12.20
マルチツール(レザーマン、ガーバー、SOG、アルマー、ビクトリノックスなど)
最近キャンプに行くと、マルチツールを持っている方を見かけます。昔はスイスアーミーナイフの独擅場だったものが、レザーマンなどのプライヤー付きツールがヒットし日本でも浸透したようです。アメリカだと鍋や熱いものをつかんだりするのにカウボーイさんたちはプライヤーを持っていることも多く、アメリカで早く広まりました。もともと日本ではキャンプにプライヤー(ペンチ)を使う文化は無かったのですが、1994年か1995年頃にアメリカに買い付けに行った際、ニューヨークのアウトドアショップでかなり悩んだ末こちらを30ドルほどで購入し、今も使っています。レザーマンは1985年に一般発売され、当時はポケットサバイバルツール(PST)という名称で1モデルしかありませんでした。レザー製のポーチはほとんど使わないのできれいなままです。ナイフブレードはあまり硬度が無くてしょっちゅう砥ぎなおしたのでだいぶ砥ぎ減りしてきました。145g ハンドル長10㎝
そのハンドルをさらに折り畳めるようにして小型化を図ったMINI TOOLです。
その後に登場した、上記のツールを一回り大きくしてヘビーデューティー使用を意識したSUPER TOOLです。プライヤーもカッター替え刃式ではなく、見た目PSTにそっくりです。各ツールのロックも現在のもののような、てこ式ではなく単にハンドル材をバネ代わりにした簡素なものでナイフブレードなどの長いツールのロックを解除するには、他のツールを起こし気味にしてバネを押さえてから閉じるという原始的なものです。245g、ハンドル長11.5㎝
マルチツールの最初期のものの一つが、第2次大戦中の工作員用 OSSエスケープツールだと思います。これは鉄条網などをカットするプライヤーにツールを加えたもので鎖や鉄の柵などを切断するため折れやすい金属用ノコ刃が3枚もついています。こちらは逃げることに特化したモデルでしたが、1980年代後半にアルマーがデザインを洗練させてアウトドアツールとして再生させました。
レザーマンはこれとは別の流れでプライヤー式ツールの重要性に気付き、1980年代に試行錯誤してバタフライ式のデザインを発明し特許を取りました。
HISTORY OF LEATHERMAN | LEATHERMAN TOOL JAPAN Official Web Site (leatherman-japan.com)
最初期のものですが、基本構造は現在のものと変わりません。
その後、民間用軍用ともにプライヤータイプのマルチツールが全盛となり、GERBERやSOGなど多くのメーカーがこの市場に参入していきます。
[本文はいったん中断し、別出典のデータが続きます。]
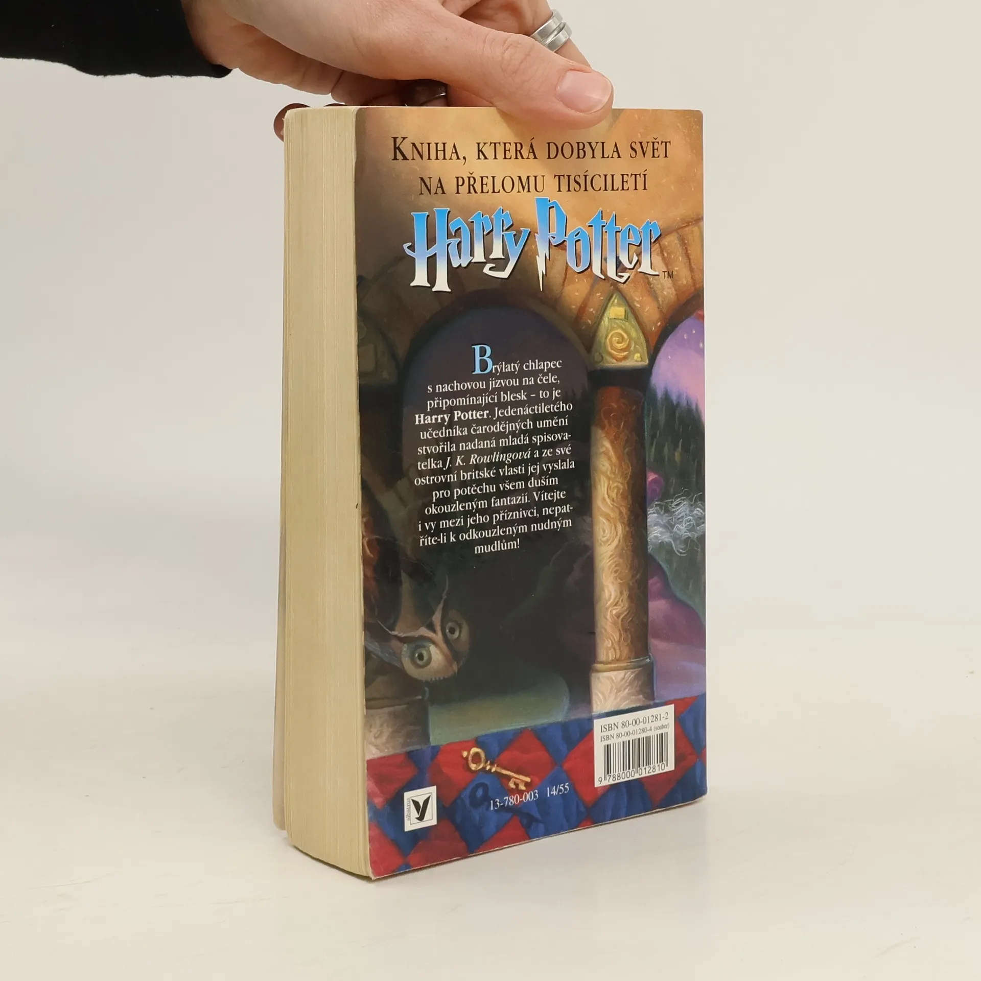 Harry Potter si myslí, že je obyčejný kluk. Když byl ještě malý, zemřeli mu rodiče a on zná jen těžký život u strýce, tety a jejich tlustého a rozmazleného synka Dudleyho. Vše se ale změní ve chvíli, kdy mu poštovní sova přinese záhadný dopis – pozvánku ke studiu na Škole čar a kouzel v Bradavicích, a obr Hagrid mu prozradí, že je kouzelník! Harry neváhá ani vteřinu a odjíždí do Bradavic, kde potká své nejlepší kamarády – Rona Weasleyho a Hermionu Grangerovou, naučí se ovládat své kouzelnické schopnosti, stane se členem školního týmu famfrpálu – populárního kouzelnického sportu na košťatech, a především svede bitvu s Voldemortem, Pánem zla. Toto vydání je prodávano ve sbírce 1.–4. dílu.

SOG社のパワーロックシリーズです。powerという名称がつくモデルは支点が2重になっており、より強い力で握ることができます。さらにlockの名の通り各ツールがスプリングでロックされる構造です。プライヤーにしたとき握りやすくするため各ツールの外側にカバーが付いています。後発のメーカーは、差を出すため色々な機能を追加しているようです。
パワーロックシリーズの最初期のモデルです。ハンドル外側のカバーが無く、プライヤーがニードルタイプでなくごつい形状で、閉じたときに大きな3角形の隙間ができるのが特徴です。
ナイフメーカーのシュレード社が2000年頃に発売したバイスグリップのハンドルにナイフとビットタイプの本格的なドライバーが付いたツールです。小さいナイフブレードはワイヤーストリッパーが付いていて、工具的なマルチツールです。全長約17㎝、240g
ガーバー社のMPT(Military Provisional Tool )です。元々GERBER社は片手でプライヤーを出し入れできるスライド式モデルを作っていましたが、90年代に軍用としてレザーマンとのコンペが発生したため、レザーマンと同様のバタフライ式を作りました。
ガーバー独特のスライドタイプです。ボタンを押してスライドさせることで片手でプライヤーのノーズ部分を露出させることが可能です。MP600と呼ばれるモデルで、こちらはニードルノーズではなくブラントノーズというごついプライヤーが付いたものです。